- Install dependencies
pip install -r requirements.txt
- Create a
.env
file with the following variables:
DATABASE_URL=XXX
- Initialize the database
python -m sam_gov_scraper.reset_db
- Run the scraper
python -m sam_gov_scraper.scraper --max_workers=50
The Scraper works by scanning sam.gov search results. We do not use the explicit API, rather this uses the Web interface XHRs. This interface has a limit of 10000 results per query, regardless of page size. To work around this, we do an open query (no filters) and query by day. The scraper is re-entrant, with only minimal redundancy if stopped and restarted.
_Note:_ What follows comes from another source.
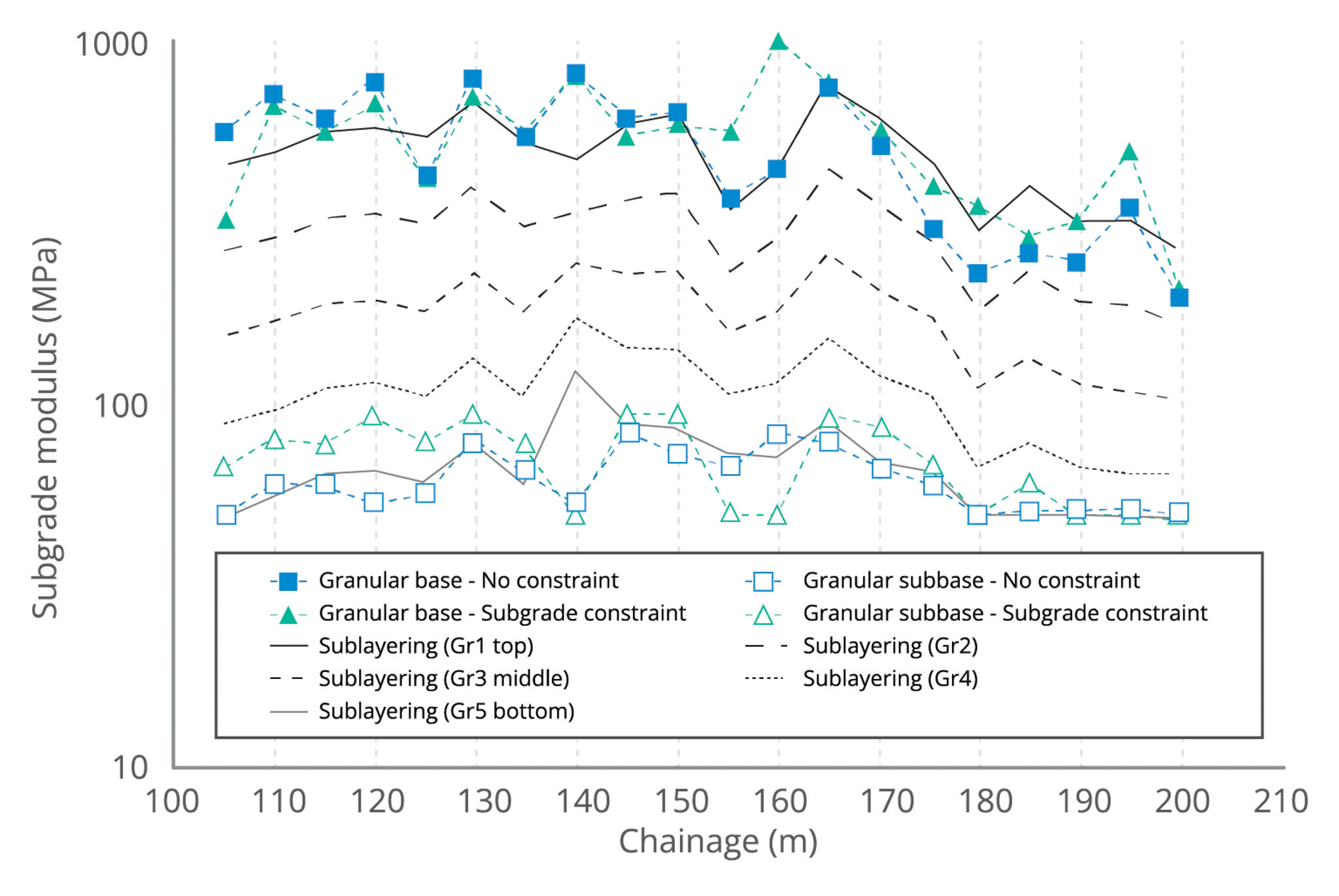 When the granular sublayering constraint was employed, the moduli of the granular sublayers (Gr1 to Gr5) were gradually decreasing from the top (Gr1) to the bottom (Gr5). In this case, Gr1 to Gr5 generally exhibited the moduli within a similar range to the ones from the base and subbase without the constraints (see Figure 2).

It queries the DB for the oldest recorded opportunity (by modified date) and uses that day as the starting date. Opportunity IDs are read from the XHRs and added to a ThreadedExecutor.
A stack of workers (specified by --max_workers
) are used to process the opportunities.
It makes 2 requests for each opportunity:
- The XHR to get the opportunity details
- The XHR to get the attachments/links
During #1 we discover that some opportunities are not accessible for permission reasons. See: example With ~1% of opportunties processed, almost 12% are missing due to permissions.
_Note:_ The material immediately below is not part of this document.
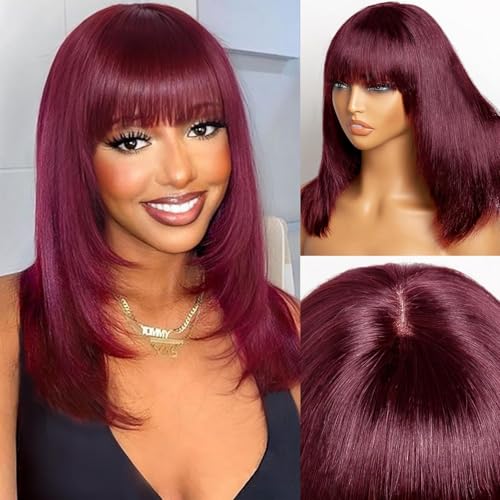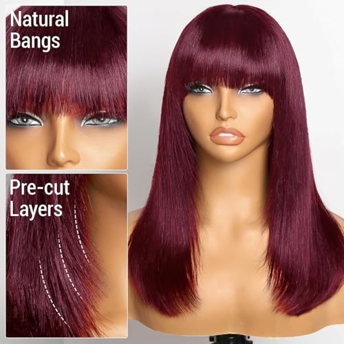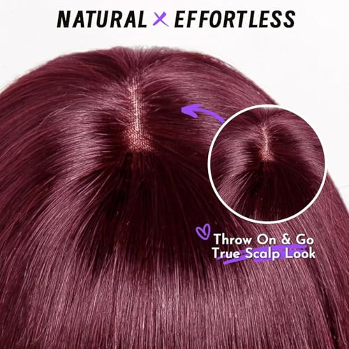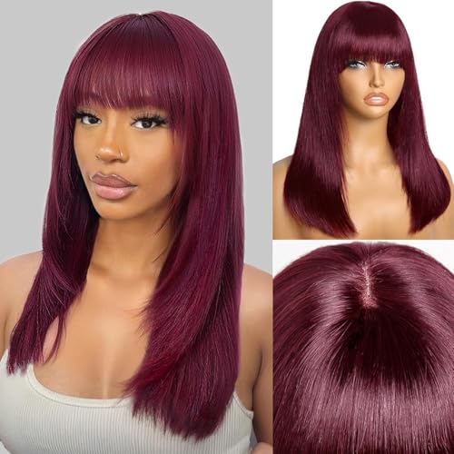 Generic - شعر مستعار صناعي بقصة مستقيمة من الأعلى إلى مموج من الأسفل بكثافة 180% للنساء بطول 18 انش - 40 سم إلى 45 سم - لون اسود وأحمر نبيذي JW54-99

We are currently not storing any info about the opportunities missing due to permissions.
I've run the scaper with 50 workers. From my laptop it gets about 40rps. At that rate will take about 1.5 days to scrape all opportunities. I've seen the occasional 500 error from the server, so I don't want to run it any faster for fear that I will either break the server, or cause admins to do something to block my IP. NOTE: If you run this near US-EAST-1, the same # of workers will have a much higher RPS (and load on SAM.GOV).
The DB is a Postgresql database. I've used SqlAlchemy to interact with it. I plan to use Alembic to manage schema upgrades, though at this point it wasn't necessary.
The Schema is relatively simple. Links are normalized as are contractors. We only store the primary point of contact.